Patents on software restrict the freedom of expression, and that freedom is too important to be sacrificed to the “patent mafia” and big industry lobbyism. There are some who say that software is “engineered”. In practice, software is written. A computer program consists of words, numbers, and mathematical symbols. In writing a computer program, no one should be restricted by patents that make it illegal to develop one’s thoughts in any way.

“The nature of software is that it is a writing, an expression of mathematical ideas. The copyright law protects this expression, and it does so without requiring costly and time-consuming proceedings.”
Douglas Brotz, Principal Scientist, Adobe Systems (1994)

Patents on software are just as wrong as expanding the patent system to literature. With patents on story elements, no movie could be published without having to firstly check whether there is any general idea in the storyline that someone patented during the last 20 years. Here’s an example: At first sight, Dirty Dancing and Titanic are two very distinct movies. However, if there were patents on story elements, then the makers of Dirty Dancing could have sued the studio of Titanic. Both movies have a scene in which a poor boy takes a rich girl from a party of her social peers to a dancing party of his group, and she enjoys it. Dirty Dancing came out only nine years before Titanic, so any patent would still have been in force. No one knows whether James Cameron had that Dirty Dancing scene in mind as he wrote the Titanic script. Maybe Cameron never saw Dirty Dancing but the patent (if it existed) could be used against him anyway.

“The government and the money-counters must not lock away from us, our intellectual processes — not even when we execute them with the aid of symbols on paper, or performances on calculators, or programs in computers.”>
Jim Warren, Board of Directors, Autodesk (1994)

All those jurists that aggressively demand ever more patentability should only once think about what patents would mean to their profession. A lawyer who writes a contract to solve a certain problem has a job that is very similar to that of a programmer. The programmer writes lines of program code that reference each other and contain definitions, and that’s what a contract is like. Lawyers are free to write whatever solves the problem as long as they don’t steal anything. Programmers are entitled to the same freedom.

Journalists should ask themselves the same question.

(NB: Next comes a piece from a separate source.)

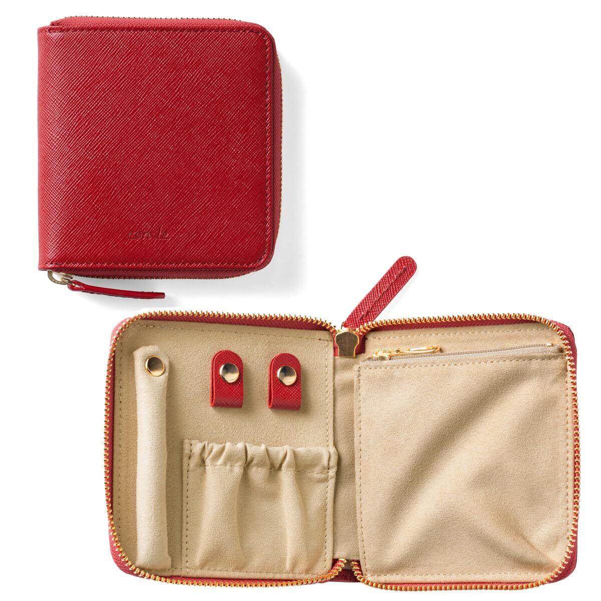 (コラーレ) corale アクセサリーケース 持ち運び レディース 革 アクセサリーポーチ 携帯用 トラベル 旅行 (レッド)
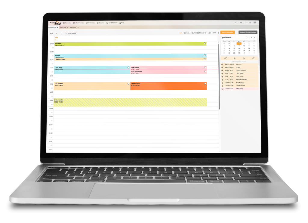 Permite gerir agendamentos por cada recurso criado (serviços, salas...).

While most journalists do understand that software patents are problematic, there are still some who believe that software patents were necessary to protect the rights of authors. The work of journalists is protected by copyright, and so is the work of programmers. The work of journalists is not limited by patents on how to structure an article or by patents on certain phrases, and programmers should have the same freedom as journalists.

All that we software patent critics ask for is what writers and lawyers take for granted: We don’t want to steal anything, but if we create something absolutely independently, then we don’t want anyone else to come up and rob us with a patent in his hand.